The Industrial Model of Industry 4.0:

Smart factories can quickly switch processes and mass-produce customized or even unique products at the same cost. Corporate branding or manufacturing scale is no longer a key advantage. When traditional supply chains break down, innovative enterprises rapidity grab the market with competitive and revolutionary business models that produce smart products.

The Development Background of Industry 4.0:

The rise and popularization of mechanization, electric power, and information technology (IT) have triggered three industrial revolutions successively, and have promoted major progress in the development of human civilization. The development of data communication technology and the breakthrough of computer computing power have driven the trend of digitalization. This has laid the foundation for, and triggered the fourth industrial revolution, also known as Industry 4.0. Industry 4.0 not only changes the methods of production and provision of services through smart factories and smart production, but transforms individual industries, according to their unique characteristics and needs, to each having their own unique Industry 4.0.
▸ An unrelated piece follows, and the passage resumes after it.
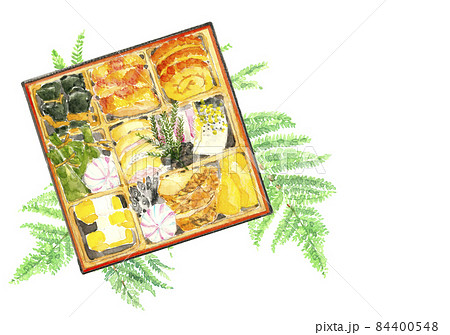裏白を敷いたお重に詰めたお節 (おせち)素材【水彩イラスト】白バック コピースペースあり透過背景
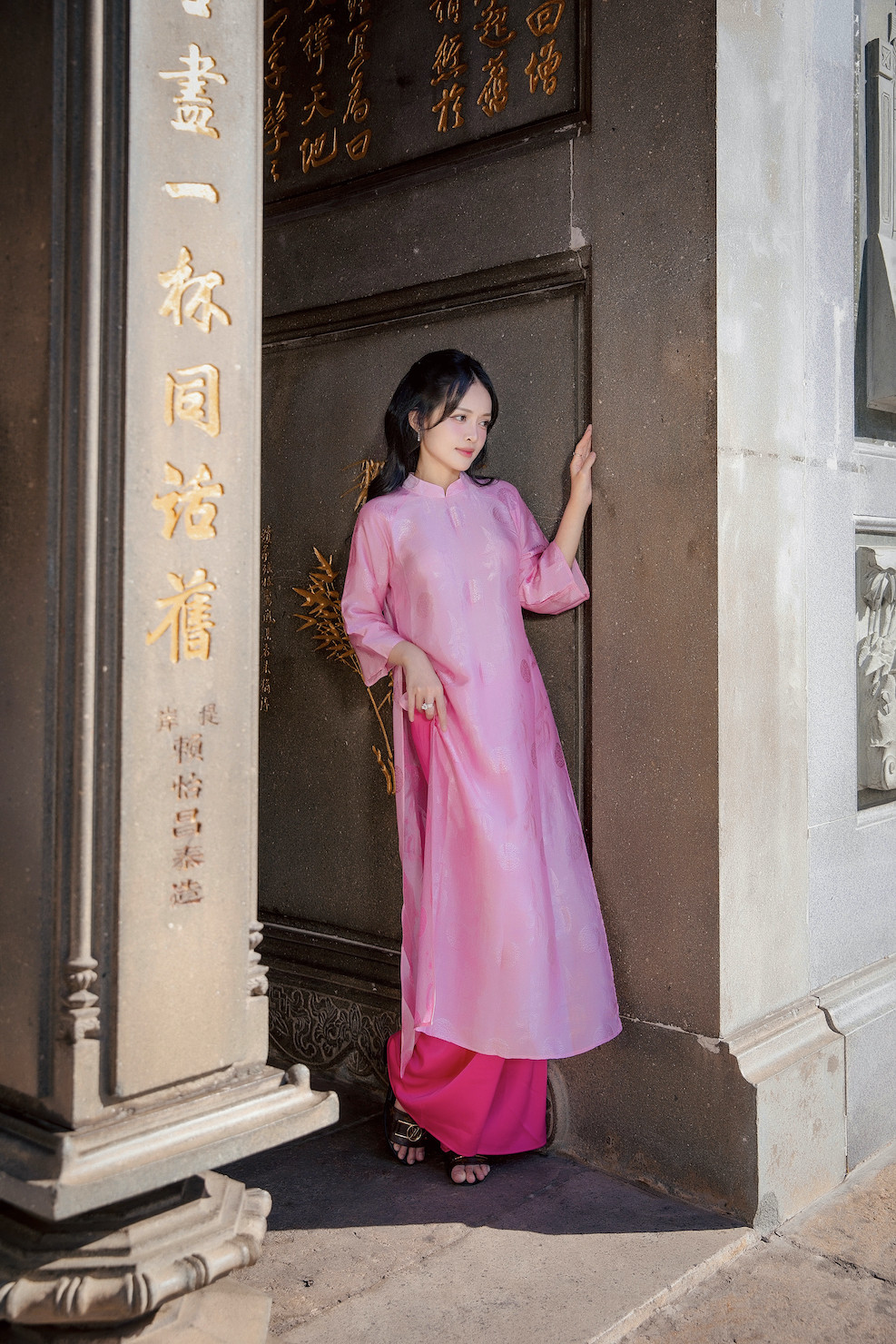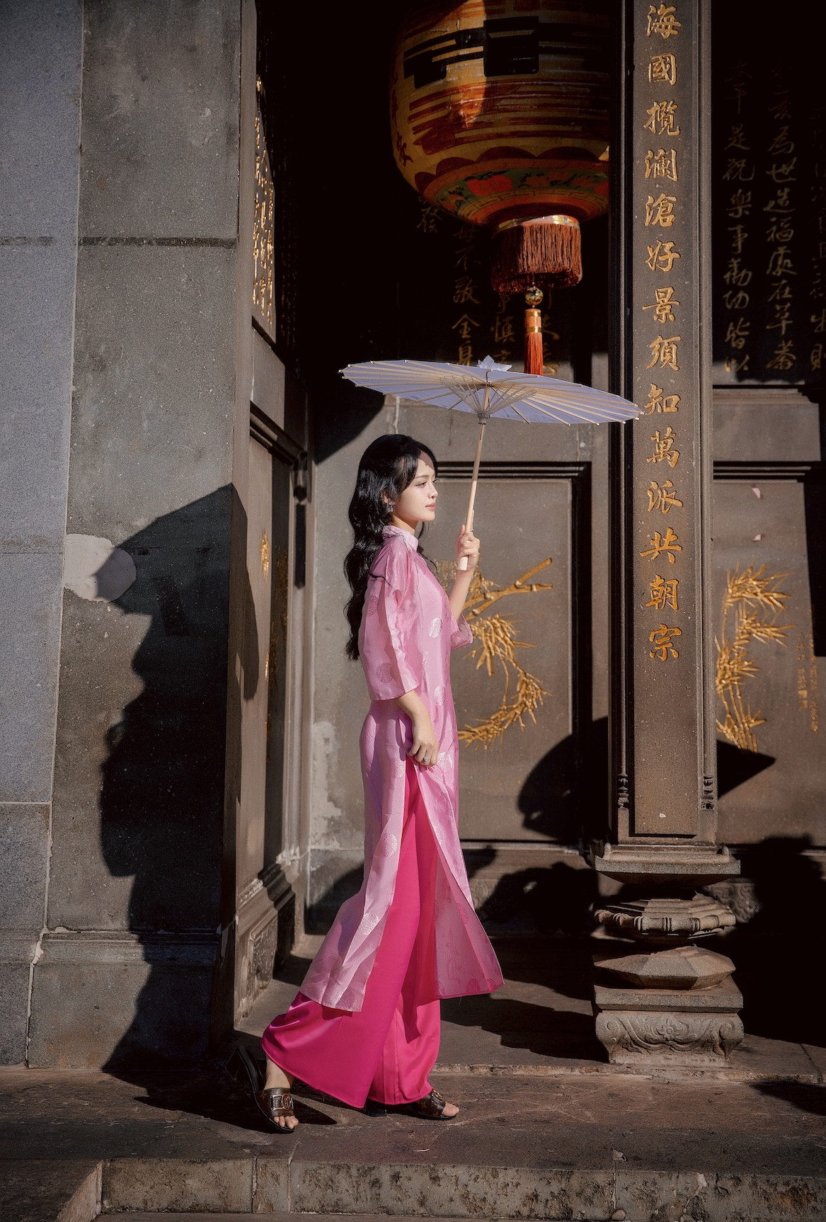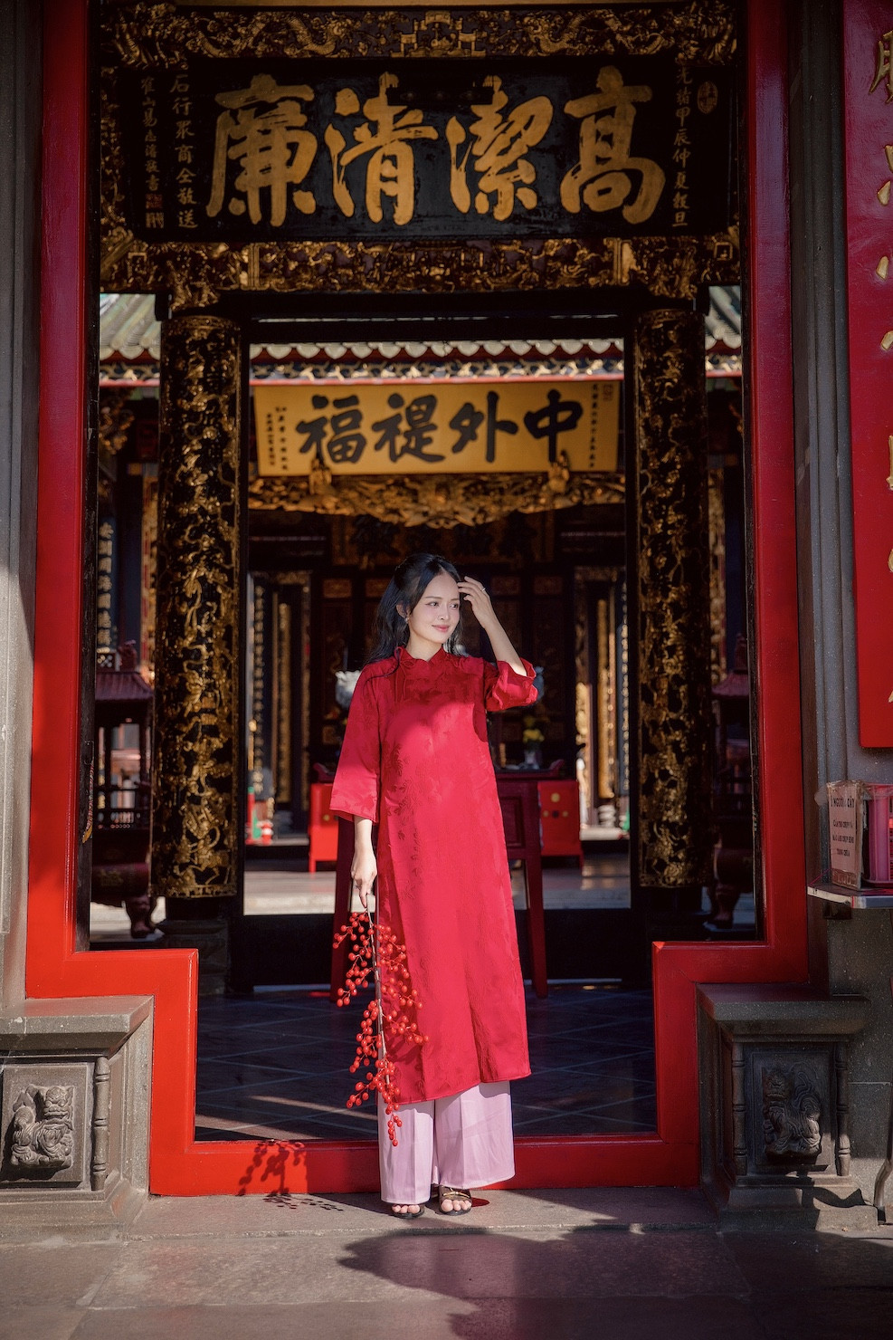 MC Thanh Trúc vừa thực hiện bộ ảnh mới trước thềm năm mới Ấn Tỵ tại Hội Quán Nghĩa An và Chùa Bà Thiên Hậu vào buổi trưa nắng của những ngày cận Tết.

Key Applications for Industry 4.0

1. Cyber-Physical System (CPS):
   Cyber-Physical System (CPS) is the key technology of Industry 4.0. Through computers, sensors, and the use of network technology, various devices, machines, and digital systems are interconnected. Through the communication and interaction between them, the virtual and physical worlds are seamlessly integrated. CPS also embeds computing and communication into physical operation programs, adding new intelligence and capabilities to physical systems. Real-time perception, dynamic control, and intelligent instant messaging services are provided. CPS has been implemented in many industrial fields, such as online and offline systems (O2O), the retail industry, omnichannel marketing, smart homes, transportation, security, environmental control, process control, and other fields, bringing economic, political and social benefits.
2. Intelligent robots and machines:
   Robots have gradually replaced human labor. Industrial robots of various types and different purposes have not only grown rapidly in number but have also gradually become more intelligent, able to adapt, communicate and interact, and are gradually replacing human workflows in certain fields. With human-machine interfaces equipped with smart sensor capabilities, and humans working together to perform tasks, there will still be a significant increase in production capacity. This will have a huge impact on the kind of skills required and cost structure of factories.
3. Industrial virtualization/automation:
   When building a new factory or producing new products in an existing factory area, Industry 4.0 will use virtual factories or products to prepare for physical mass production. If any process can be simulated and confirmed in the virtual environment first, it represents that the final solution is ready. Software parameters and numerical matrices can then be uploaded to the physical machine that controls mass production, and the physical operations can proceed. The virtual factory can use 3D technology to design production process and visualize the interaction of worker and machine.
4. Big data:
   The factory of the future will generate vast amounts of data which will need to be stored, processed, and analyzed. In the Industry 4.0 environment, CPS can develop, manage, and make good use of massive data.  Interconnectivity of machines will aid machine intelligence, flexibility, and adjustment capabilities, allowing CPS to integrate industrial mass production, logistics and services. This will transform today's factories into highly competitive and economically promising Industry 4.0 factories. The integration of massive data and cloud computing is bound to lead to new types of information application models, thereby bringing about intelligent innovation.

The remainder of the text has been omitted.